The simulation meshes were created with Ansys ICEM CFD 2019 R3 (Ansys Inc, Canonsburg, US). Tetrahedral elements plus 14 prism layers with a first layer height of 0.005 mm were used. A mesh sensitivity study was conducted (see Supplementary Information S3).

The CFD simulations were performed using Ansys CFX 2019 R3 (Ansys Inc, Canonsburg, US). The reservoir setup was implemented as a steady state simulation with a constant cannula flow rate (1, 2, 3, 4, 5 and 6 L/min) and ambient pressure boundary condition at the walls of the reservoir. Water with a density of 997.0 kg/m3 and dynamic viscosity of 0.8899 mPa*s was used to facilitate the subsequent comparison with in vitro experiments.

For the aortic arch setup, a transient simulation setup with constant boundary conditions was chosen, since the short distance between cannula tip and aortic arch wall led to transient effects in the jet flow. A time step of 0.5 ms and a simulation time of 0.45 s were chosen. Cannula flow was set to 5.16 L/min, which corresponds to the average flow rate during the in vivo experiments. A wall was placed in the ascending aorta to model the aortic cross-clamp and a constant outlet pressure of 90 mmHg and a loss coefficient of 50 were defined for all remaining boundaries. The loss coefficient was deduced from the Darcy-Weisbach equation for friction-related pressure loss in a previous study22.

In both reservoir and aortic arch setup, blood was modeled using a shear dependent viscosity model based on Ballyk et al.47 (see Supplementary Information S4). A density of 1056.4 kg/m3 was chosen, which corresponds to a hematocrit of 44%. In both setups the SST turbulence model was applied, and the convergence criterion was defined by a maximum residuum of \({10}^{-4}\). Additionally, pressure at the cannula inlet (reservoir and aortic arch setup) as well as average WSS and mass flows at the outlets (aortic arch setup) were monitored to ensure stabilized predictions and variations well below 3% over the final 100 time steps.

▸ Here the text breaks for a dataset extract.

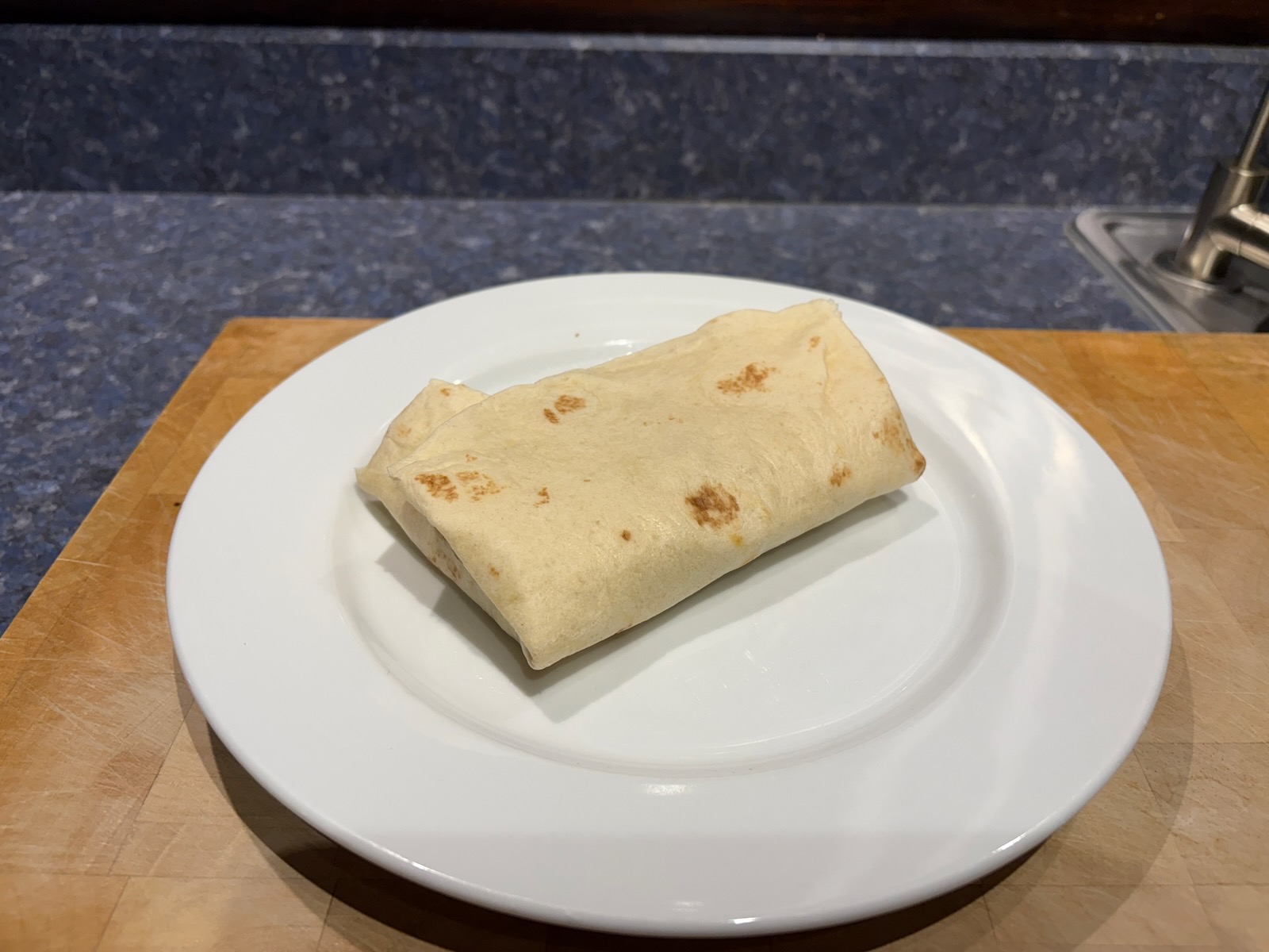 Breakfast: Chorizo breakfast burrito with chorizo, onion, green pepper, jalapeño, and egg. Reheat of the filling I cooked Saturday in a freshly heated flour tortilla.
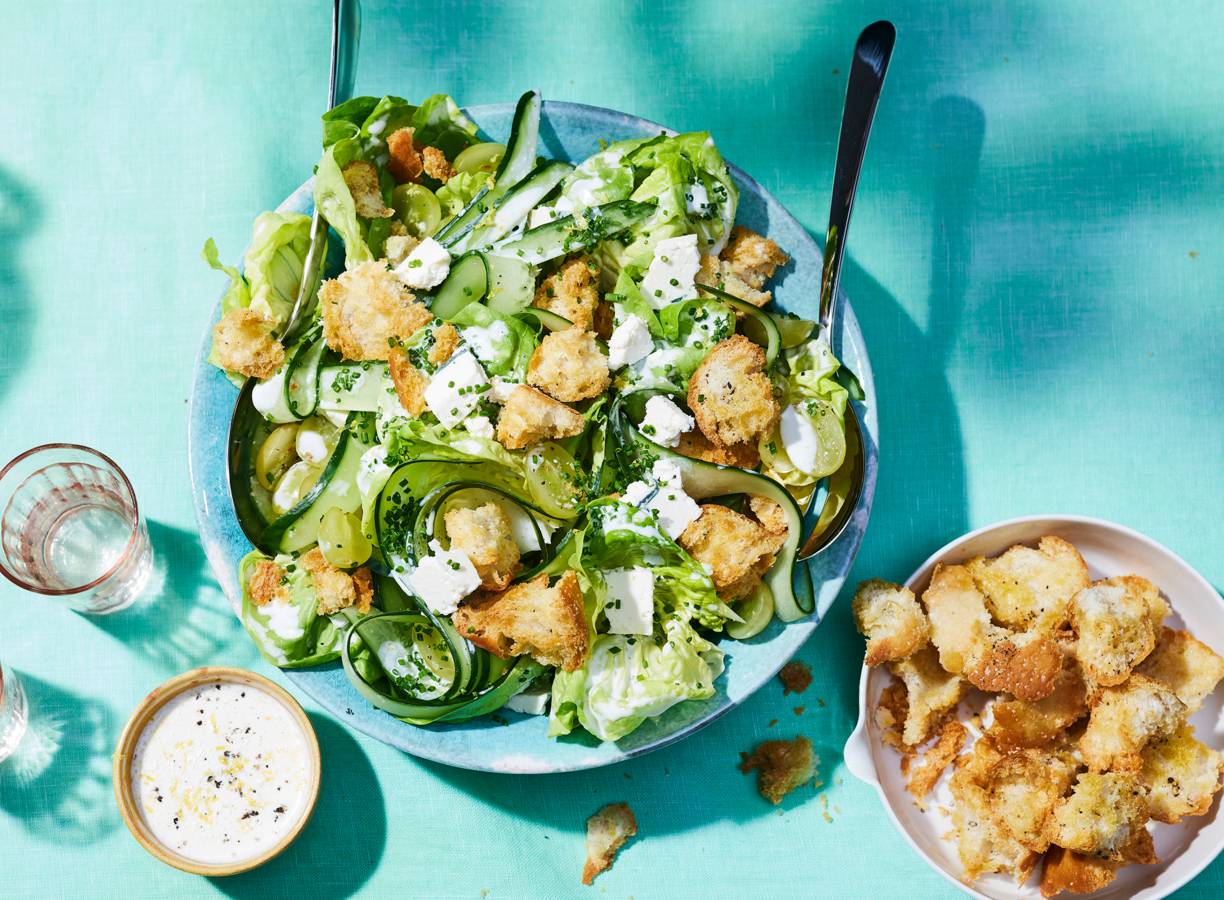 Knapperige croutons, romige kaasdressing, zoete druiven en verse sla met komkommer - deze salade is een zomers feestje op tafel!

Post processing was performed using CFD-Post 19.3 (Ansys Inc, Canonsburg, US). The aortic arch setup was analyzed using variables that were averaged over the last 100 time steps.

Pressure loss was defined as the difference between predefined wall pressure of the reservoir and pressure at the cannula inlet, mimicking the experimental setup. WSS values were automatically calculated by the CFD-Post formulation, which is provided in Supplementary Information S5.

Further details of the meshing and simulation setup can be found in the Supplementary Information S3 and S4.